Concierge service is not provided. Instead wooden sleds are available outside the reception area which resort guests can use to pull their own luggage.
The key is attached to a leather key chain cut in the shape of the map of Finland.
The door is small and low and the taller you are the more you'll need to bend to go through.
The setting inside the igloo is very simple and not many facilities are provided. There are two small single beds joined together. There are no wifi, boiling water facilities or toiletries that normally come with expensive resorts. There are also no closets for clothes and belongings, only benchtop lining the inner circumference of the igloo.
And that is how I scatter my belongings. 
This igloo does not have shower facilities.
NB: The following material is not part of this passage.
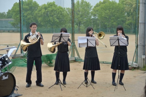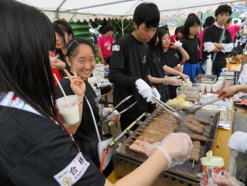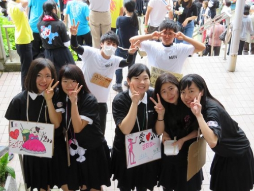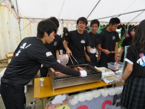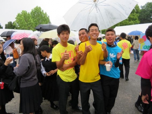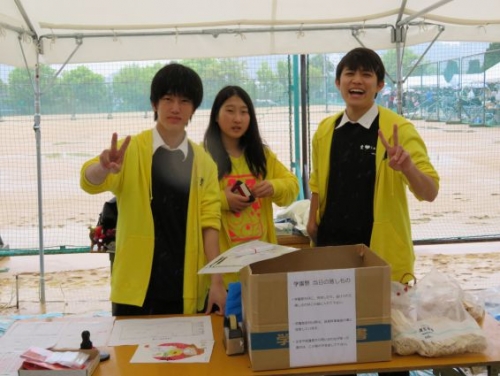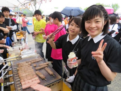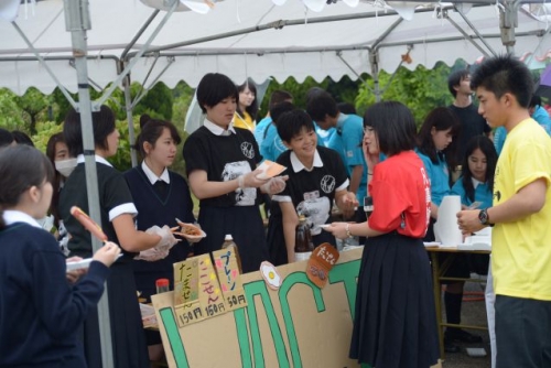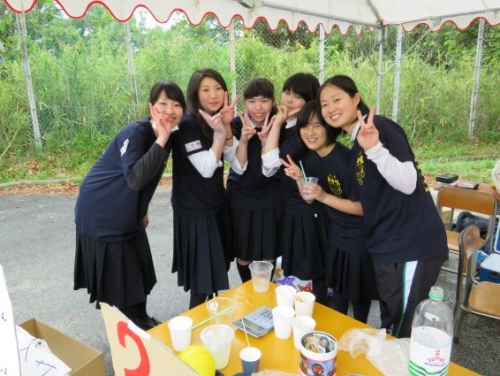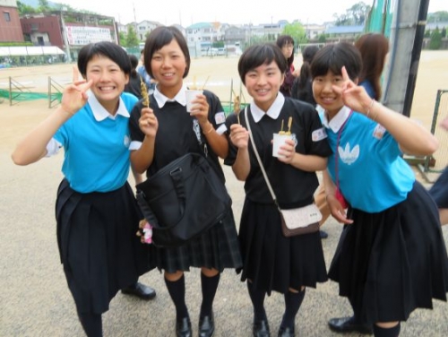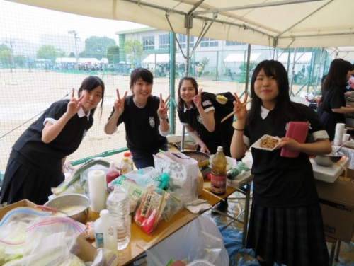グラウンドではたこ焼き、焼きそば、かき氷、フランクフルト、フルーツポンチ、揚げアイス、ベビーカステラなどたくさんの模擬店が並び、美味しそうな匂いが漂っていました。育友会のバザーや屋外でのバンド演奏なども行われ、通るスペースがないほど多くの方々で賑わっていました。

There is a toilet and a very tiny basin at one corner near the entrance. The wash basin is placed on a very low sinktop like the ones meant for small kids in public shopping malls.  Guests are expected to go to the lobby to take their showers (which is pretty far away). 
Only a mirror, hand detergent and some paper cups are provided.
The opposite corner near the entrance looks like this.
Half the igloo roof is see-through thermal glass. 
If someone stands outside the igloo he can actually look inside and there goes your privacy but I doubt anyone would do such a thing??
If you lie on your bed with the room lights on, you'll get a good reflection of yourself. But if you switch off ALL the lights.... and if you are lucky enough on the night(s) you stay, you can actually view the elusive and magical aurora borealis or northern lights dancing in the sky from your igloo. And this is exactly what the design of the glass igloo is meant to be.
The northern lights actually made its appearance on the night I stayed but this photograph from inside the igloo is not taken by me.
This is my igloo at night. Even though it is half immersed in snow, it is comfortable inside. The temperature feels like 24-25 deg celcius and you do not need to put on thick clothes.
The resort reception building is a rustic masterpiece made of log.
Brightly and beautifully lit by charming ceiling lamps, the reception lobby is also the place you can relax, get free Wifi, purchase drinks from a dispenser, or boil water. A separate sauna and shower room for men and women are housed in this reception building.
The reception building is open around the clock even though there is no staff after certain hours.
Inside the sauna/shower area, there are facilities like towels, shampoo, body wash, body lotion, hair dryer, etc.
There are 6 shower cubicles but only 1 toilet inside the sauna/shower room.
Unfortunately the shower cubicles are all without doors.
These igloos provide only basic facilities but it is very expensive to stay here. 1 night stay cost around RM2000 (this rate could be subject to seasonal differences). 
Among other accommodation options available at Kakslauttanen are the log cabins.
The log cabins offer better facilities even though they are not as unique as the igloos.
Hotel guests at West village dine at the nearest Aurora Restaurant. (Click to see a full review of this restaurant)

Outside my igloo
At the reception lobby
Night time at the igloos
The Reception Building
Wooden sleds left in the open snow for guests who may want to use them.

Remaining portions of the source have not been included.